In 1198, Walther’s patron died; Walther was forced to leave Vienna to begin the uncertain life of a wandering minstrel. The only extant historical document concerning him is a receipt showing that Wolfger, bishop of Passau, had given “to the singer Walther de Vogelweide five solidi for a fur coat on Saint Martin’s Day in the year 1203.” Among his many other patrons was Count Hermann of Thuringia, at whose court he met Wolfram von Eschenbach, author of Parzival (c. 1200-1210; English translation, 1894), and other lyric poets. Walther wrote songs for three emperors; after Philip of Swabia was murdered and his successor Otto IV allegedly did not pay the poet enough, Walther shifted his allegiance to Friedrick II, who eventually rewarded him with a small property near Würzburg in about 1220. Presumably, Walther did not participate in the Crusade of 1228 and died about 1230 near Würzburg, where his grave could still be seen in the cathedral garden half a century later. Another minstrel, Hugo von Trimberg, grieved over Walther’s death with the words, “Ah Sir Walther von der Vogelweide, I would feel sorry for whomever forgot you.”
ANALYSIS
In only one generation, from 1180 to 1210, the great flowering of Middle High German courtly culture under the Hohenstaufen Dynasty produced—in addition to four great epic writers, Hartmann von Aue, Gottfried von Strassburg, Wolfram von Eschenbach, and the anonymous author of the Nibelungenlied (c. 1200; English translation, 1848)—numerous lyric poets, the most renowned of them being Walther von der Vogelweide. Even princes and emperors ranked among the courtly love poets. The roots of this German medieval poetry are multiple: Provençal and northern French courtly love poetry, indigenous songs and Goliardic verse such as that collected in Carmina burana (1847), and a variety of Latin secular and religious genres (eulogies, sequences), some dating back to antiquity. Medieval German poetry features a great variety of meters and melodies, since the minstrel was expected to compose a new meter and melody for each song.

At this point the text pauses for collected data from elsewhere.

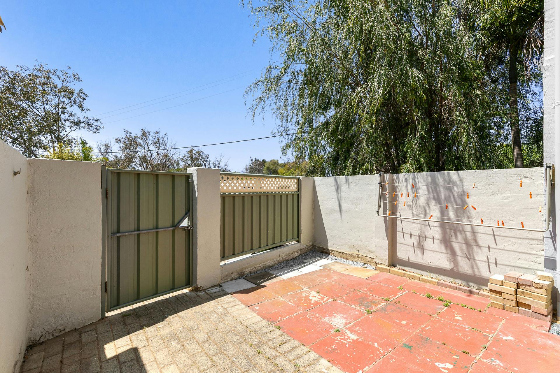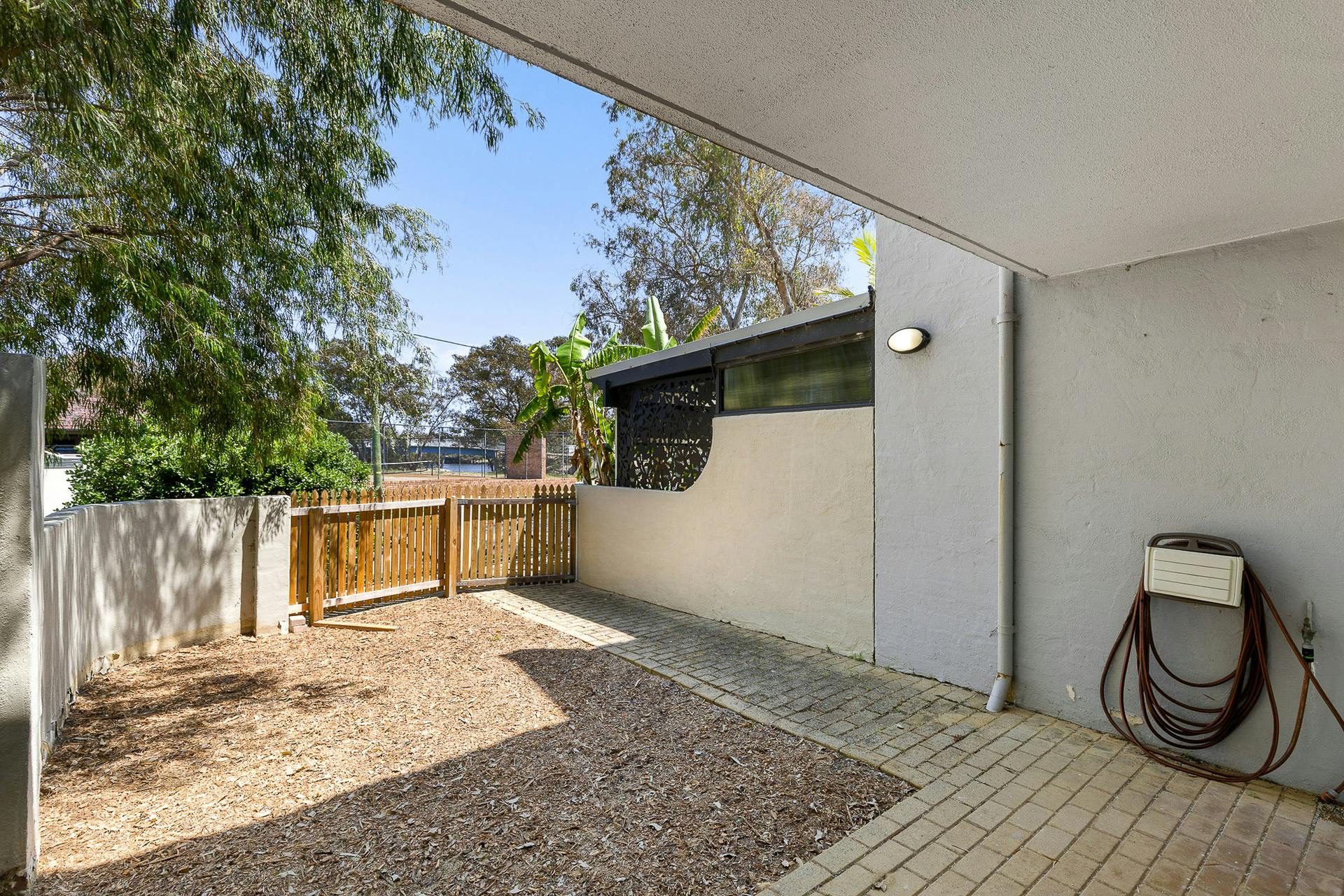 A private front courtyard offers the ideal spot for morning coffees or slow afternoons in the sun. A second enclosed private rear courtyard provides added flexibility for entertaining, outdoor dining, or extra storage-rare for a unit of this size and style.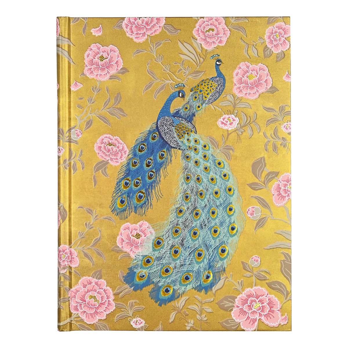 Okładka z motywem królewskich pawi, umieszczonych na złotym tle. Notatnik posiada okładkę zdobioną złotą folią i tłoczeniami oraz złocone brzegi stron.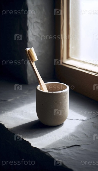Мокет зубной щетки из бамбука, стоящий прямо в простой сырой глиняной чашке на стеклянном подоконнике, Ai generated image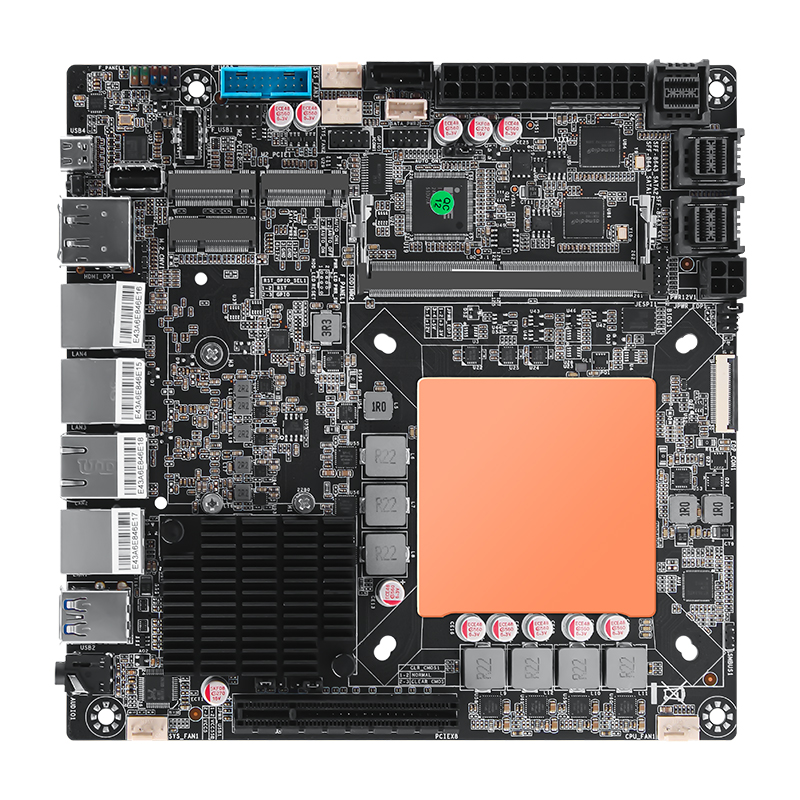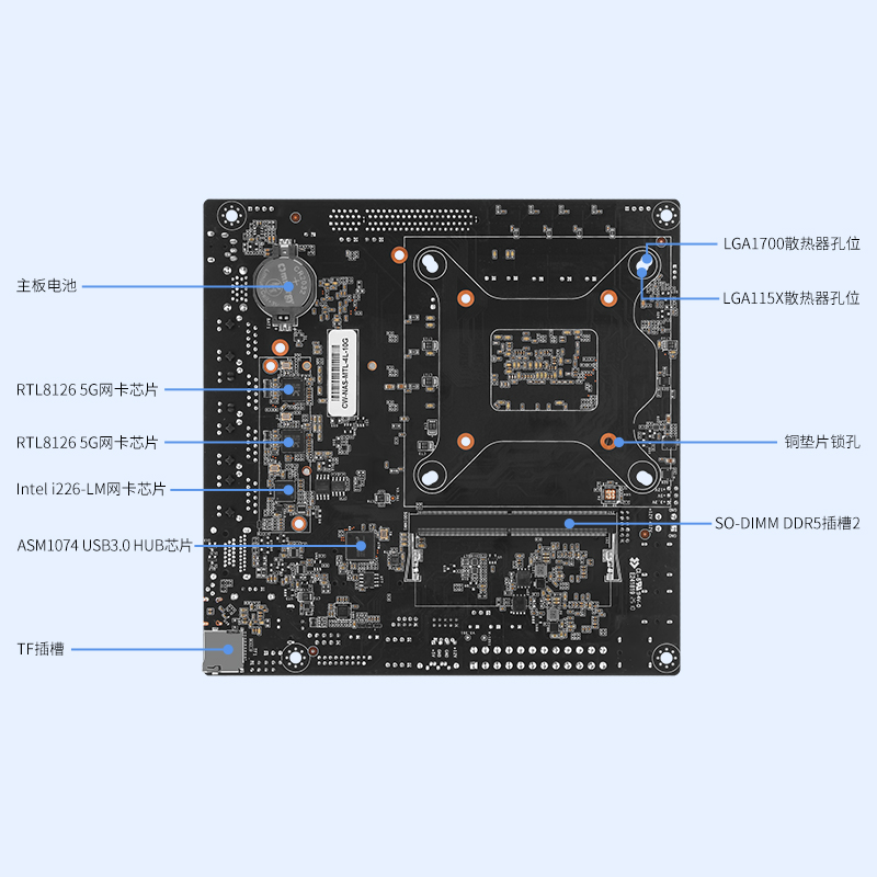 1 * F_PANEL | 1 * USB3.0母座 | 1 * USB2.0排针 | 1 * TYPE-E母座 | 2 * M.2 NVMe 2280 | 1 * M.2 cnvi Wi-Fi | 3 * 系统风扇 | 3 * SFF-8643接口 | 1 * COM排针 | 1 * SATA3.0 | 1 * CLR_CMOS排针 | 1 * USB断电排针 | 1 * PCI-E x8扩展槽 | 1 * ATX-24PIN 供电 | 1 * ATX-4PIN供电 | 2 * SO-DIMM DDR5内存槽 | 1 * 来电自启动跳针 | 1 * eDP接口 | 1 * GPIO排针 | 1 * SATA供电 | 1 * CPU风扇 | 1 * 主板电池 |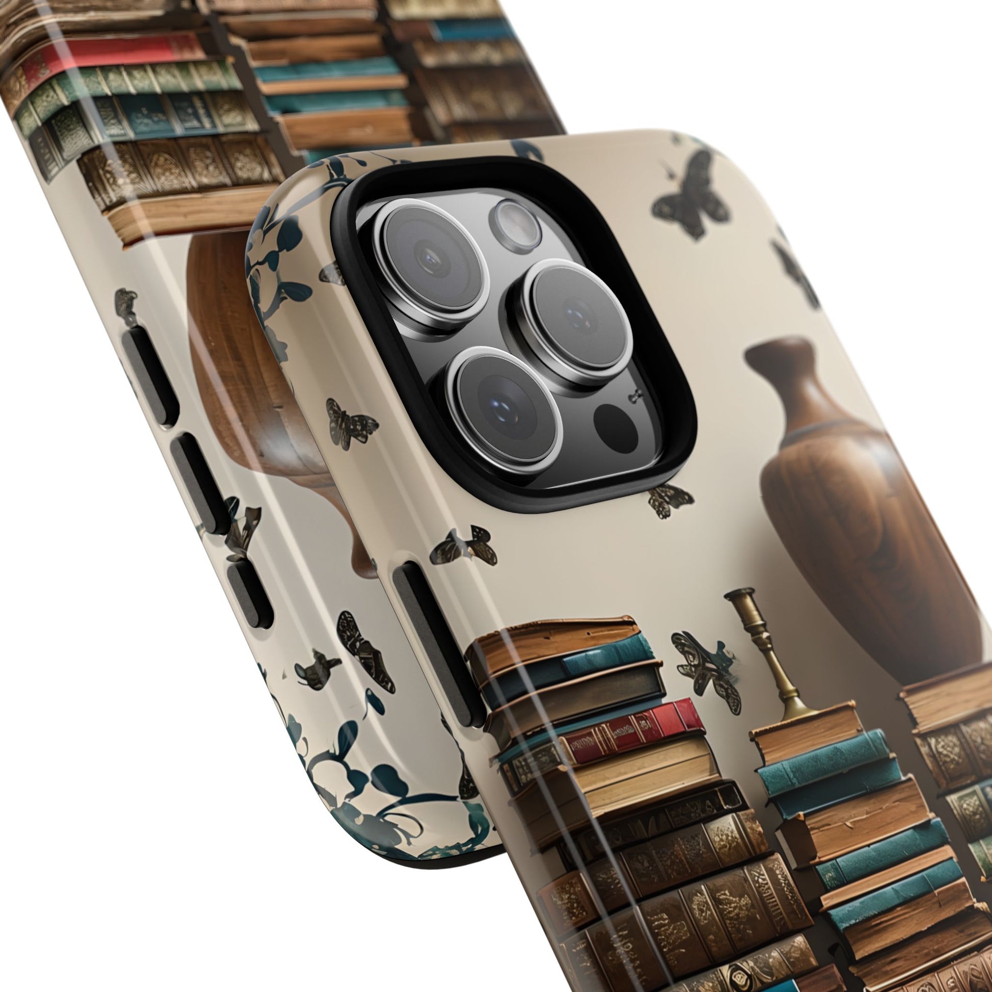 Step into a gothic fairytale with this Dark Academia Bookish Phone Case. Featuring towering stacks of antique books, black butterflies, moody florals, and a candlelit vibe, this design captures the heart of cozy witch and dark romance aesthetics. It’s the perfect accessory for those who love hauntingly beautiful libraries, dramatic love stories, and magical vibes.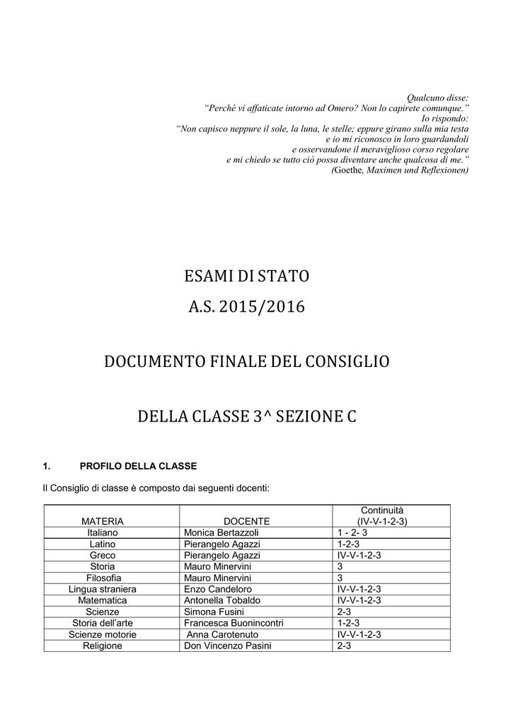 Qualcuno disse: “Perché vi affaticate intorno ad Omero? Non lo capirete comunque.” Io rispondo: “Non capisco neppure il sole, la luna, le stelle; eppure girano sulla mia testa e io mi riconosco in loro guardandoli e osservandone il meraviglioso corso regolare e mi chiedo se tutto ciò possa diventare anche qualcosa di me.” (Goethe, Maximen und Reflexionen) ESAMI DI STATO A.S. 2015/2016 DOCUMENTO FINALE DEL CONSIGLIO 1. DELLA CLASSE 3^ SEZIONE C PROFILO DELLA CLASSE Il Consiglio di classe è composto dai seguenti docenti: MATERIA Italiano Latino Greco Storia Filosofia Lingua straniera Matematica Scienze Storia dell’arte Scienze motorie Religione DOCENTE Monica Bertazzoli Pierangelo Agazzi Pierangelo Agazzi Mauro Minervini Mauro Minervini Enzo Candeloro Antonella Tobaldo Simona Fusini Francesca Buonincontri Anna Carotenuto Don Vincenzo Pasini Continuità (IV-V-1-2-3) 1 - 2- 3 1-2-3 IV-V-1-2-3 3 3 IV-V-1-2-3 IV-V-1-2-3 2-3 1-2-3 IV-V-1-2-3 2-3 Ministero dell’Istruzione, dell’Università e della Ricerca Liceo Classico Statale P aolo Sarpi P.zza Rosate, 4 – Bergamo Tel. 035 237476 Fax 035 223594 Email: [email protected] pec: [email protected] www.liceosarpi.bg.it 2. COMPOSIZIONE DELLA CLASSE 1) ANGHILERI Marco 2) BENVENUTI Matteo 3) BONFADINI Daniel 4) BREMBILLA Federico 5) CAPELLI Enrico 6) CERESOLI Chiara 7) COLOMBO Marco 8) DAGLIO Beatrice 9) DE LORENZI Veronica 10) DE PALMA Ilaria 11 ) DIFRANCESCO Anna Lucia 12) FASSI Luisa 13) FILIPPOLI Alessandro 14) GAMBIRASIO Marco 15) GIUPPONI Francesca 16) LODETTI Laura 17) MAFFEIS Marta 18) MORO Giovanni 19) MOSCA Arianna 20) PAPALIA Chiara 21) RIVA Valeria 22) ROTA Giovanni 23) SILVESTRONI Matteo 24) SPAGLIARDI Laura 3. ESITI SCOLASTICI Classe quarta: promossi: 15 con giudizio sospeso, tutti promossi a settembre: in latino: 2 in greco: 6 in matematica: 2 in inglese: 1 non promossi: 2 ritirati: 1 Nella classe IV C tre alunni si sono ritirati nel corso dell'anno. Classe quinta: promossi: 14 con sospensione del giudizio: 7 (tutti promossi a settembre) in latino: 4 in greco: 5 -2- Ministero dell’Istruzione, dell’Università e della Ricerca Liceo Classico Statale P aolo Sarpi P.zza Rosate, 4 – Bergamo Tel. 035 237476 Fax 035 223594 Email: [email protected] pec: [email protected] www.liceosarpi.bg.it in matematica: 3 in inglese: 1 in storia: 1 non promossi: 1 ---> Nell'a.s. 2013-14 la classe (prima) risultava composta da 26 elementi, e precisamente: 20 provenienti dalla V C; 3 alunni (Filippoli, Gambirasio e Rota) provenienti dalla 5^A (classe smembrata) 1 alunna (DIfrancesco), proveniente dal LIceo Classico di Caltanisetta, dove aveva frequentato la 5^ ginnasio (promossa a giugno); - L’alunna Girardi Margherita si era trasferita negli Stati Uniti d’America. Classe prima: promossi: 15 con sospensione del giudizio: 11 (tutti promossi a settembre) in latino: 9 in greco: 3 in matematica: 3 ---> Nell'a.s. 2014-15 la classe risulta composta da 23 elementi, tutti provienienti dalla I C, in quanto due alunne (Cavalleri Ottavia e Ventriglia Francesca), pur essendo state promosse a settembre si sono trasferite all’inizio dell’anno in altro istituto, mentre l’alunna Ghilardi Matilde si è trasferita ad una scuola superiore di Cambridge. L’alunna De Palma Ilaria si è trasferita in Spagna per il primo trimestre all’interno del programma di Intercultura. Classe seconda: promossi 20 con sospensione del giudizio: 3 (tutti promossi a settembre) in latino: 1 in greco: 1 in inglese: 2 ---> Nell'a.s. 2014-15 la classe III C risulta composta da 24 elementi, di cui 23 provienienti dalla II C e 1 (Spagliardi Laura) dalla classe II B di codesto stesso liceo. 4.OBIETTIVI La programmazione disciplinare generale e dei singoli ambiti si è ispirata ai principi e alle linee della programmazione d'istituto (POF) e del Documento di programmazione del Collegio docenti. Il Consiglio dei docenti focalizza per la classe i seguenti obiettivi: Obiettivi formativi • • • Acquisire coscienza di sé, delle proprie capacità e dei propri limiti Acquisire consapevolezza delle mete comuni educative, formative e disciplinari Comportarsi in modo rispettoso nei confronti di tutti (compagni, docenti e personale scolastico) -3- Ministero dell’Istruzione, dell’Università e della Ricerca Liceo Classico Statale P aolo Sarpi P.zza Rosate, 4 – Bergamo Tel. 035 237476 Fax 035 223594 Email: [email protected] pec: [email protected] www.liceosarpi.bg.it • • • • • • • • Acquisire la consapevolezza che ambienti, strutture, sussidi didattici della scuola costituiscono un bene comune e che gli allievi condividono la responsabilità di averne cura Acquisire una responsabilità collettiva, stabilendo rapporti collaborativi con i compagni e superando atteggiamenti di competitività negativa Sviluppare un approccio problematico, aperto e non emotivo nei confronti della realtà Rispettare orari e tempi della vita scolastica, consegne e scadenze connesse con il lavoro didattico Partecipare e collaborare attivamente e in modo responsabile a tutti i momenti del lavoro della classe nel riconoscimento della valenza didattico-cognitiva delle attività (spiegazione, interrogazione, discussione, assemblea) Consolidare un metodo di studio efficace ed autonomo Affinare il rigore linguistico e concettuale Consolidare un atteggiamento interdisciplinare nei confronti delle materie di studio. Obiettivi cognitivi Conoscenza: possedere conoscenze formali / astratte • Conoscere gli argomenti dagli aspetti essenziali alla completezza di dati specifici e contestuali • Conoscere il significato dei termini e il loro uso specifico • Conoscere concetti, metodi, procedure e strumenti operativi delle diverse discipline in relazione ai contenuti dei relativi programmi. Abilita': sapere utilizzare conoscenze dati in concreto e in contesti noti • Comprendere e spiegare il contenuto di un argomento • Individuare i nuclei centrali di un argomento • Cogliere le articolaz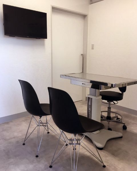 病院というものはどうしても暗くなりがちで閉鎖的に感じてしまいます。また、診察の内容が深刻だった場合には、暗くて閉鎖的な診察室の中だとさらに悲観的に感じられてしまうこともあります。診察中にもガラスからは光が照らし、外が覗ける開放的な雰囲気で飼い主さんとしっかりとお話をしたいと思ってこのような構造にしました。もちろん構造だけではなく、内容もガラス張りのような内容にしたいと考えています。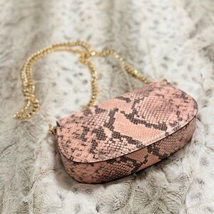 Elegant and classy clutch with a pink snakeskin pattern. Features gold chain strap and MK logo charm. Ideal for evening cocktail parties or brunch. A cute purse big enough for my iPhone 16 Pro Max and other essentials.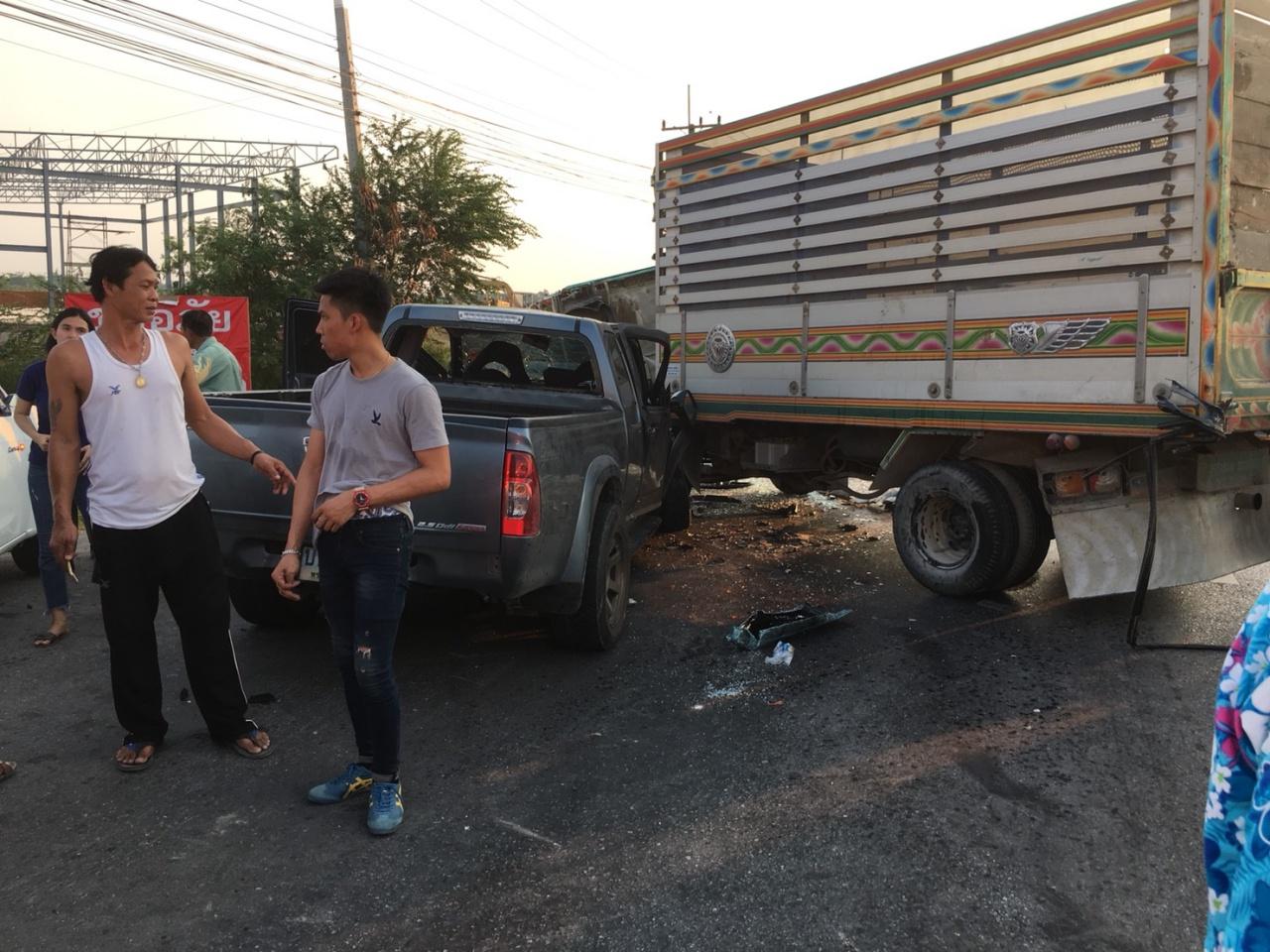 ที่เกิดเหตุพบรถยนต์กระบะดัดแปลงเป็นสองแถว หมายเลขทะเบียน 10-7389 นครราชสีมา เฉี่ยวชนกับรถจักรยานยนต์ ยี่ห้อฮอนด้ารุ่นเวฟ หมายเลขทะเบียน 1 กจ 4774 พระนครศรีอยุธยา ใกล้กันยังพบรถยนต์บรรทุก 6 ล้อ ยี่ห้อฮีโน่ หมายเลขทะเบียน 85 - 453 นนทบุรี มีนายสมัย ทรัพย์แก้ว อายุ 50 ปี เป็นคนขับ ชนกับรถยนต์กระบะดัดแปลงสองแถวทะเบียน บพ 648 พระนครศรีอยุธยา มีผู้เสียชีวิตในที่เกิดเหตุ 2 ราย

Courtly love poetry (Minnesäng) was symptomatic of a new secular culture that rejected the “contempt of the world” preached for centuries by the monastic orders and that sought instead to harmonize eternal salvation with earthly happiness. The role of women in the courts and castles was to elevate and dignify life and to convey a certain hoher muot (joy of life), which was the crowning virtue in the knightly code. Although the love songs sometimes have a trace of the occasional in them—they often are addressed to a particular woman and reflect specific circumstances—such love poetry was not a stylized proposal for a literal love relationship, but an artistic achievement, a fictional, public musical presentation on the theme of love for the amusement and edification of the entire court (estimated as usually comprising between thirty and seventy persons). Since the idolized woman was supposed to be of high rank, married and virtuous, no erotic reciprocation was expected but, at most, a greeting or token of appreciation. Praise of the woman was not a means to an end but an ennobling activity in itself, for the lady represented the humane ideal of beauty and dignity for which this secular knightly society was striving. Her being not only was physically beautiful and charming but also encompassed a catalog of virtues such as honor, self-discipline, constancy, moderation, and loyalty—traits of a proud, aristocratic society.
MÄDCHENLIEDER
Walther regarded highly his function as a courtly love poet who could express for the men and women of his society the emotions of body and soul. Under Walther’s predecessor and teacher, Reinmar, Minnelyrik (love poetry) had degenerated into a genre that was obsessed with the monotonous theme of the unrequited lover. Walther broke with this tradition—and from Reinmar—and introduced many new dimensions into the thematics of courtly love poetry. His Mädchenlieder scandalized society by directing love and the title Frouwe (noble lady) to a common-class girl. He also introduced into courtly poetry a mature, reciprocally fulfilled marital love, contrary to the tradition of unrequitedness. Late in life, he rejected the ribaldry and crudity that was brought into courtly love poetry under the influence of peasant dances by a new generation of minstrels, including Neidhart von Reuenthal. Finally, he turned away from “Lady World” and his “many errors” as a Minnesänger and addressed God himself as “you sweet true Love.” Underlying this broad span of the love concept in Walther’s poems is the medieval idea of “gradualism,” which sees all reality as an ascending ladder of being, each rung different in degree but analogous to the ones above and below—from the various levels of earthly reality, through a person, who is both body and soul, to the heights of spirit in God.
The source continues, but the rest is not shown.